Over on the "mothership" of ESPN, the SportsCenter franchise had already made its final statement of the year where NASCAR was concerned. The season's best video clips in all sports had rolled-by and most of them were predictable. But, when it came to NASCAR, ESPN had selected the best moments of the season. Well, as far as they were concerned.
"Michael Waltrip is the worst driver in NASCAR," growled Clint Bowyer again during the red flag in Bristol. Then, Kyle Busch and Carl Edwards showed the best face of the sport with post-race slamming and spinning on the high banks. Topping it off were the threat and response soundbites from both those drivers.
ESPN inserted the Petty information as a blurb on the lower third ticker and credited Spencer and Foxsports.com for the confirmation. So, there it was.
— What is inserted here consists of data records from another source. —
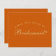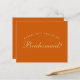 It is just golden text on burnt orange background. The word Bridesmaid on the front and the message on the back are written in an elegant calligraphic script, the arched text "[Name] will you be my" above the word Bridesmaid in small caps.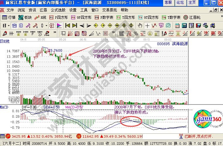 如图所示,2008年5月30日,滨海能源(000695)的DIFF线向下跌破0轴,表明市场下跌趋势已经初步形成。之后,股价出现了一个快速下跌的过程。7月下旬,DIFF线经过向上反弹确认,下跌趋势彻底形成。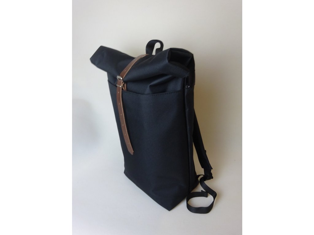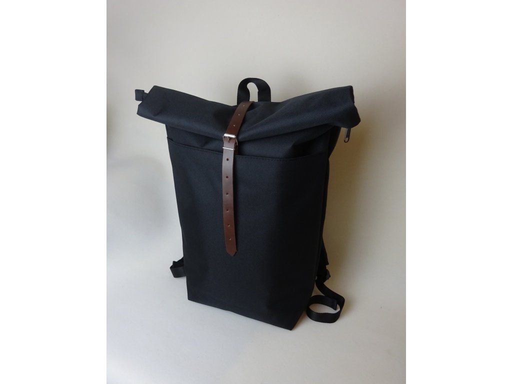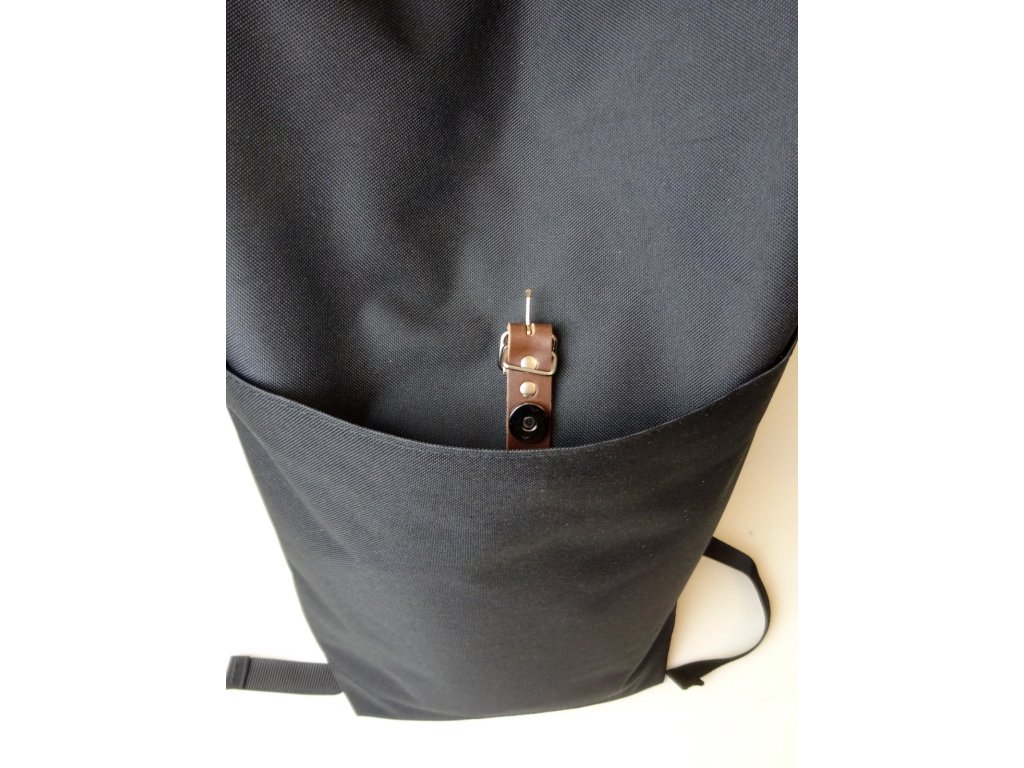 - k zajištění hlavní komory batohu je navíc použit tmavě hnědý kožený pásek s klasickou průvlečnou sponou ve stříbrné barvě

Petty Enterprises had effectively gone out of business as a lower third graphic on ESPN on a Wednesday morning.
The background of TDP is blue to celebrate Richard Petty's 50 years in NASCAR. Regardless of the bad business decisions, the end of Petty Enterprises is a major story in the history of NASCAR. With the passing of Dale Earnhardt Sr., there was perhaps no more recognizable and iconic figure in the sport than Richard Petty.
We are weeks away from the start of the NASCAR TV season. Perhaps, both SPEED and ESPN will take some time to follow-up on the Petty story and put this transition into historical perspective when they return to the air. Today, there will be no opportunity to see a reporter or hear an expert to help fans understand this news.